Cole Credit, owner of more than 900 mostly single-tenant office, retail and industrial properties, is trying to fend off American Realty while it plans to purchase its sponsor, Cole Holdings Corp., and go public. The acquisition would provide shareholders better dividend growth through the added cash flow of new properties, while the public offering would give them flexibility to sell their shares, Cole said today.
American Realty on March 27 bid $12.50 a share in cash or 0.80 a share of its common stock for each share of Cole Credit, raising an earlier offer. Three days ago, the New York-based firm said the cash payout would be capped at 60 percent, an increase from the previous 20 percent limit. Under the stock- payment plan, American Realty (ARCP) guaranteed to pay at least $13.59 for each Cole Credit share. The proposal is valued at about $9.7 billion, including the assumption of debt.
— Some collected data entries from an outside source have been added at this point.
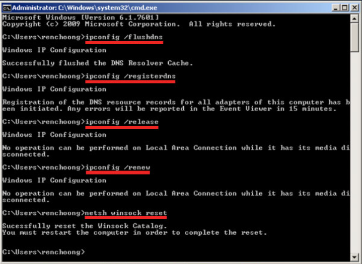 | Reset Method | Net Internals | Command Prompt |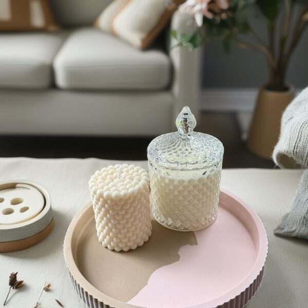 Elegants un praktisks akrila sveču paliktnis, kas radīts ar rokām. Izturīgs, viegli kopjams un ideāli piemērots sojas vaska svecēm vai dekoratīvai kompozīcijai.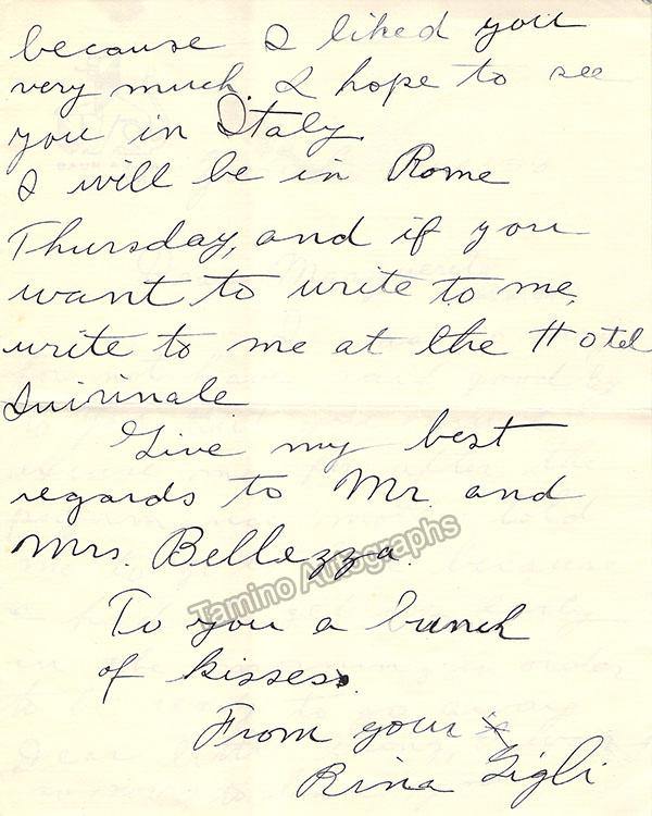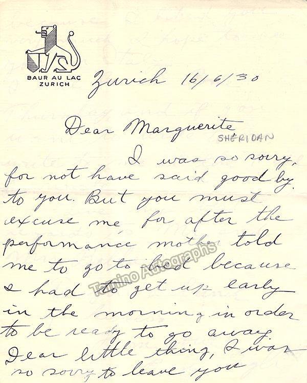 Italian soprano (1916-2000), daughter of the superstar tenor Beniamino Gigli. Autograph letter signed, written on the stationary of the Baur Au Lac Hotel in Zurich, dated in 1930, written in English and addressed to the Irish soprano Margaret Sheridan (1889-1958) (Rina Gigli was fourteen years old at this time and traveling with her parents). Text is on 2 pages of a 4 page sheet, (each page size is 5.75 x 7.25 inches), in excellent condition.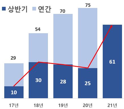 마지막으로 ’21년 상반기 벤처투자를 받은 기업들 중 100억원 이상 투자를 유치한 기업들은 역대 상반기 중 가장 많은 총 61개사로 확인됐다.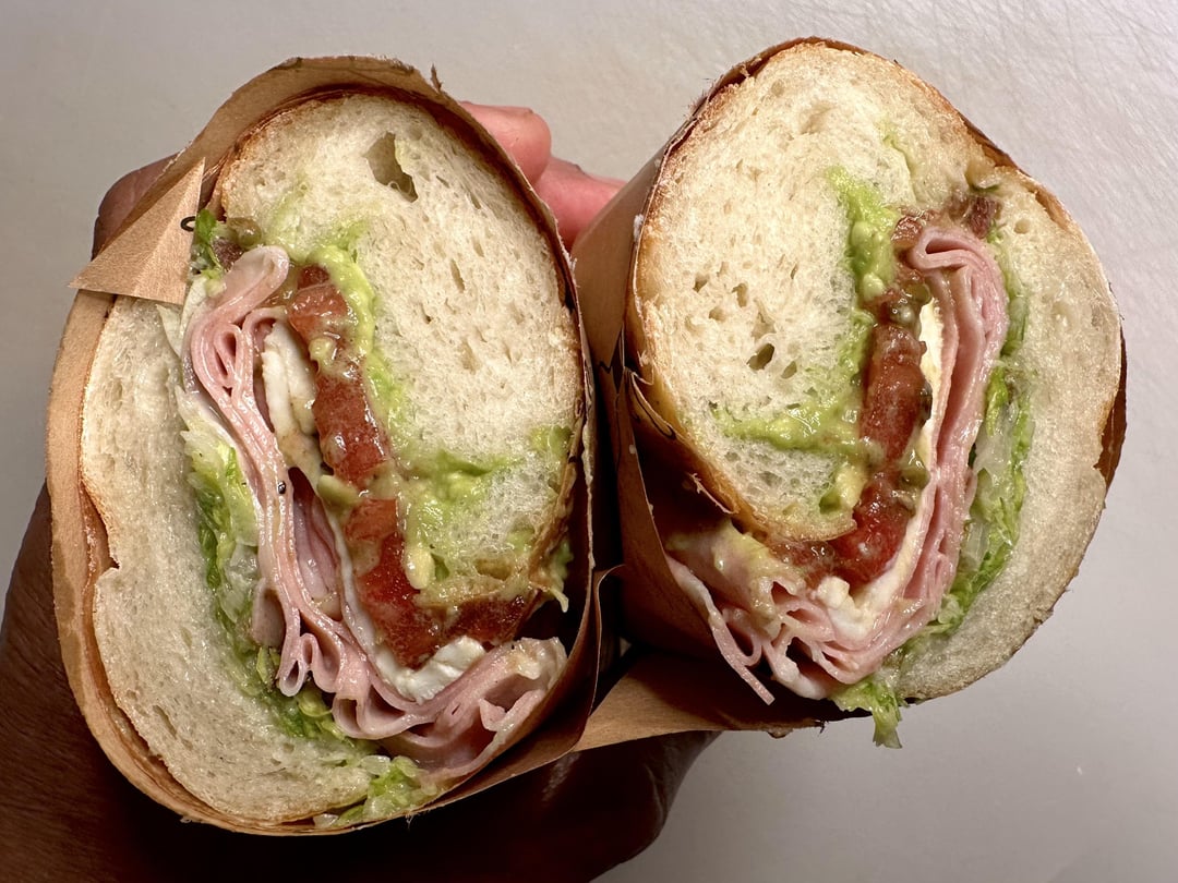 Homemade no-knead sandwich roll, my maple mustard lime aioli, smashed avocado, shredded iceberg, Beano’s sandwich dressing, mortadella, fresh seasoned mozzarella, and sliced heirloom tomato. Messy but oh so tasty!by No_Pattern3088 4 Comments Far-Ad1823 8 months ago Beautiful Djikass 8 months ago Looks very nice! What’s your bread recipe? softrotten 8 months ago Great looking sandwich. Also that tomato looks so good! I can’t wait for tomato season. Di3Beezy 8 months ago That is a good looking sandwich, and the breakdown of each element was a nice touch.Write A CommentYou must be logged in to post a comment.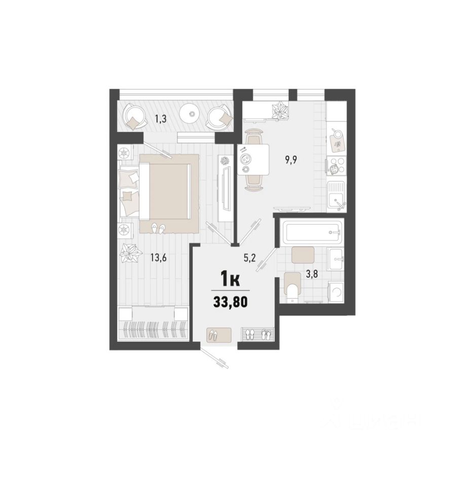 26 м² · Этаж 13 из 16

“The deal that we’ve proposed, and taking all the politics and distractions out of the conversation, is a very powerful transaction,” Nicholas Schorsch, chairman and chief executive officer of American Realty Capital Properties, said today in an interview before Cole issued its statement. “The combined company will be the largest net-lease REIT in the market.”
Schorsch said “it doesn’t make any sense” for Cole Credit to buy Cole Holdings, a securities company.
A Cole investment committee that studied American Realty’s proposal concluded that the cash bid of $12.50 a share reflected a 21 percent discount to Cole’s implied share value. The guarantee of 60 percent cash also would add about $8 billion of debt to American Realty’s balance sheet, according to Cole.
On top of that, “substantial additional cash would be required” for American Realty to meet its guarantee, Cole said. “How can ARCP bid to acquire a company with funding it does not have?”
American Realty also would have difficulty fulfilling its $13.59-a-share stock offer without selling additional shares and diluting its existing investors’ holdings, Cole said.